> _Problem details_
Only the lines from the one containing "圖2. (a) GOF、PW、GMNF和GPCM的拉曼光譜;C1s的XPS光譜:(b)GOF;" to the end of the data should be copied, exactly and without pictures.

> _Data for review_
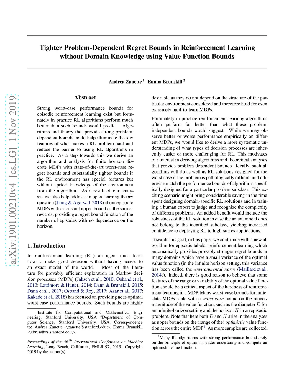 Strong worst-case performance bounds for episodic reinforcement learning exist but fortunately in practice RL algorithms perform much better than such bounds would predict. Algorithms and theory that provide strong problem-dependent bounds could help illuminate the key features of what makes a RL problem hard and reduce the barrier to using RL algorithms in practice. As a step towards this we derive an algorithm for finite horizon discrete MDPs and associated analysis that both yields state-of-the art worst-case regret bounds in the dominant terms and yields substantially tighter bounds if the RL environment has small environmental norm, which is a function of the variance of the next-state value functions. An important benefit of our algorithmic is that it does not require apriori knowledge of a bound on the environmental norm. As a result of our analysis, we also help address an open learning theory question~\cite{jiang2018open} about episodic MDPs with a constant upper-bound on the sum of rewards, providing a regret bound with no -dependence in the leading term that scales a polynomial function of the number of episodes.
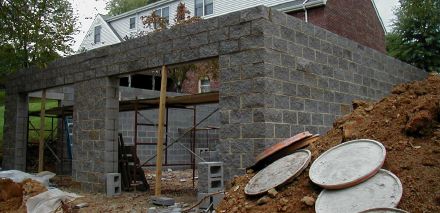 And It's Done!Well, the blocks at least. We had a big day on October 9 and ended it. There is some heavy hardware over those garage doors, and I am going to pour it full on concrete and make it even heavier. Split face blocks sure make for a pretty foundation in my opinion.On another note, my auto lift has come in. If it hadn't been for the rain, I might actually be ready for it right now. As it is, we've lost about a month. | ![]() |
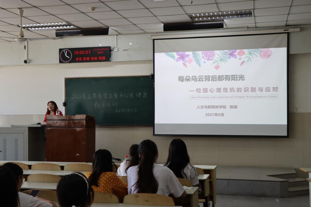 (通讯员 黄伊帆)6月6日16时许,yl6776永利集团2021上半年学生骨干心理健康教育培训在学校东校区12教102教室举行。本次培训主题为“每朵乌云背后都有阳光——校园心理危机的识别与应对”。会议由yl6776永利集团辅导员陈娟老师主持,18、19级全体班委、寝室长参加了此次培训。
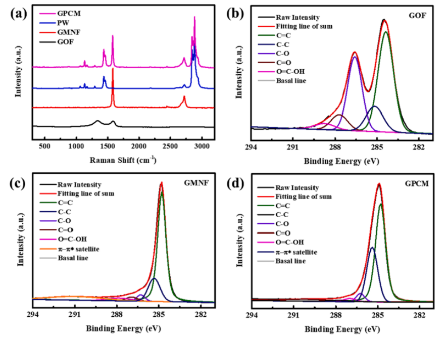 圖2. (a) GOF、PW、GMNF和GPCM的拉曼光譜;C1s的XPS光譜:(b)GOF; (c)GMNF; (d)GPCM。
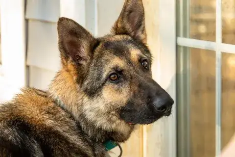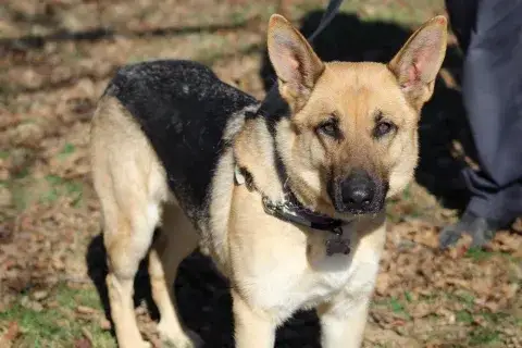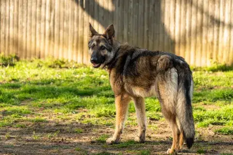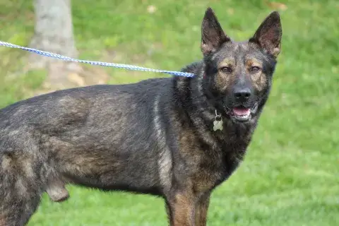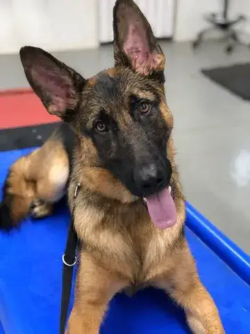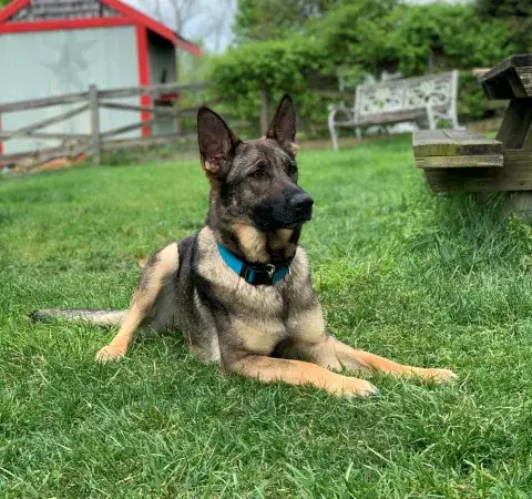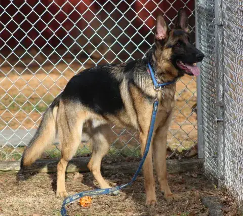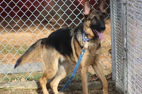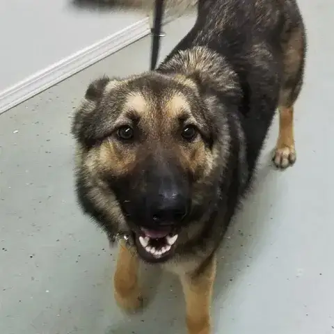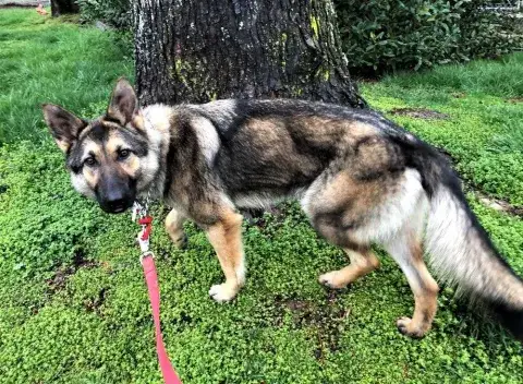 Teak came to us as his prior family did not have the time for a young, energetic GSD. Unfortunately Teak has not been well socialized with people outside of his prior immediate family. For this reason Teak is scared and skittish of new people, new places, sights and sounds. Our volunteers are giving Teak time to settle in and get use to all that is new to him. He will be starting a training program which will help with not only socialization, but also build his confidence. Because of Teak's insecurities, he would learn from and do better in a home with a confident dog to help show him the way forward. He will require a GSD experienced family that will continue with his training, socialization and confidence building. He did live with older children and another dog in his prior home.
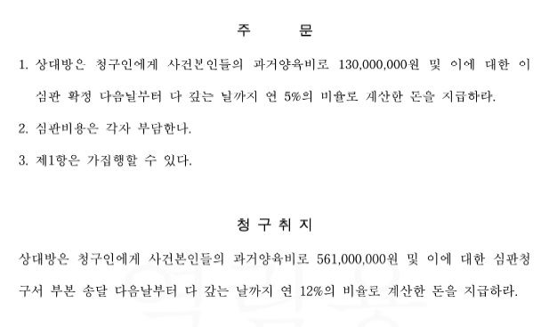 법원은 전 남편에게 두 자녀의 과거 양육비로 1억 3,000만원을 지급할 것을 결정하였습니다. 의뢰인이 십수 년간 두 자녀를 홀로 키워오면서 부담하였을 비용과 그 노고에 비하면 1억 3,000만원이라는 금액이 부족할 수 있지만, 그래도 전 남편에게 양육에 대한 책임을 뒤늦게나마 부담시킬 수 있었습니다.
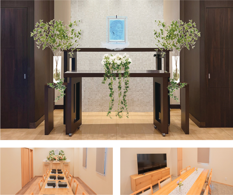 法要室(法事祭壇込み)・会食室・スタッフ(1名) | 対応人数:15名程度 |
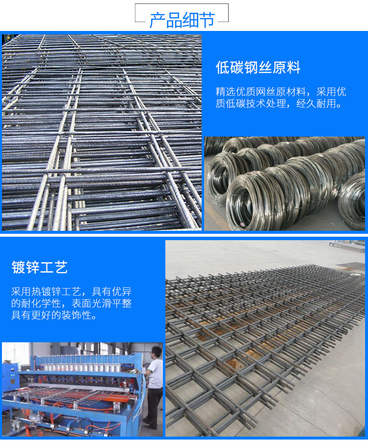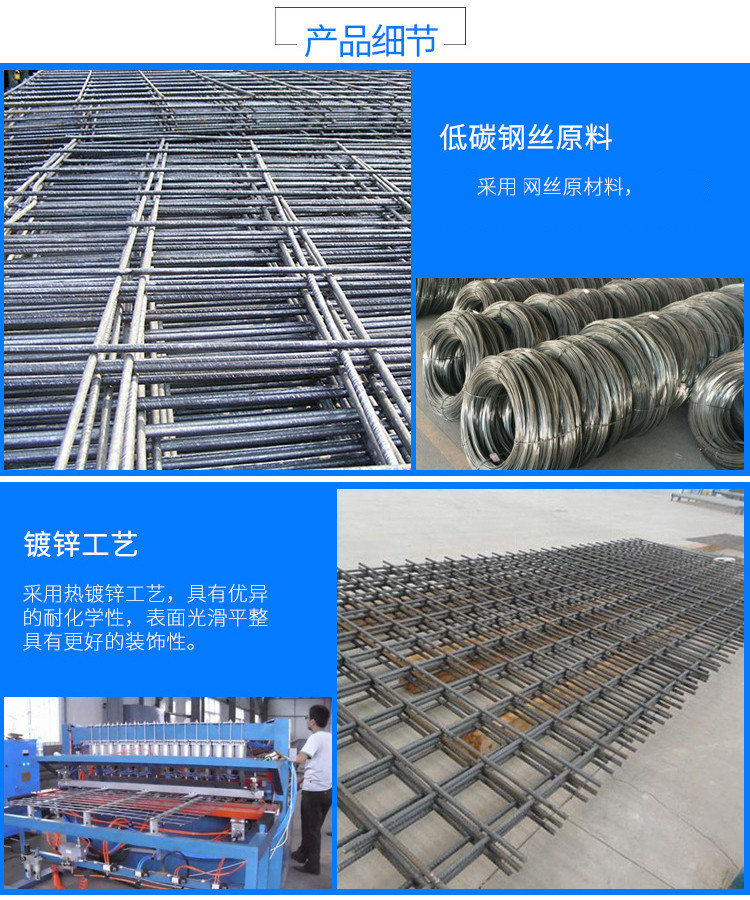钢筋网片还是一种采用Q195低碳钢铁丝排焊而成,然后再冷镀(电镀)、热镀、PVC包塑等表面钝化、塑化处理、网面平整、网目均匀、焊点牢固、局部机加工性能良好、稳定、防腐、防蚀性好网格状丝网产品。钢筋网片分为:电镀锌钢筋网片,热镀锌钢筋网片,浸塑钢筋网片,三角折弯钢筋网片等。在钢筋网片成型后进行镀锌(电镀或热镀);产品系选用镀锌铁丝通过精密的自动化机械焊接制成。具有焊点牢固,结构合理,网孔均匀等特点,网面平整、结构坚固、整体性强

> _Solution to this task_
 圖2. (a) GOF、PW、GMNF和GPCM的拉曼光譜;C1s的XPS光譜:(b)GOF; (c)GMNF; (d)GPCM。
 Teak came to us as his prior family did not have the time for a young, energetic GSD. Unfortunately Teak has not been well socialized with people outside of his prior immediate family. For this reason Teak is scared and skittish of new people, new places, sights and sounds. Our volunteers are giving Teak time to settle in and get use to all that is new to him. He will be starting a training program which will help with not only socialization, but also build his confidence. Because of Teak's insecurities, he would learn from and do better in a home with a confident dog to help show him the way forward. He will require a GSD experienced family that will continue with his training, socialization and confidence building. He did live with older children and another dog in his prior home.
 법원은 전 남편에게 두 자녀의 과거 양육비로 1억 3,000만원을 지급할 것을 결정하였습니다. 의뢰인이 십수 년간 두 자녀를 홀로 키워오면서 부담하였을 비용과 그 노고에 비하면 1억 3,000만원이라는 금액이 부족할 수 있지만, 그래도 전 남편에게 양육에 대한 책임을 뒤늦게나마 부담시킬 수 있었습니다.
 法要室(法事祭壇込み)・会食室・スタッフ(1名) | 対応人数:15名程度 |
钢筋网片还是一种采用Q195低碳钢铁丝排焊而成,然后再冷镀(电镀)、热镀、PVC包塑等表面钝化、塑化处理、网面平整、网目均匀、焊点牢固、局部机加工性能良好、稳定、防腐、防蚀性好网格状丝网产品。钢筋网片分为:电镀锌钢筋网片,热镀锌钢筋网片,浸塑钢筋网片,三角折弯钢筋网片等。在钢筋网片成型后进行镀锌(电镀或热镀);产品系选用镀锌铁丝通过精密的自动化机械焊接制成。具有焊点牢固,结构合理,网孔均匀等特点,网面平整、结构坚固、整体性强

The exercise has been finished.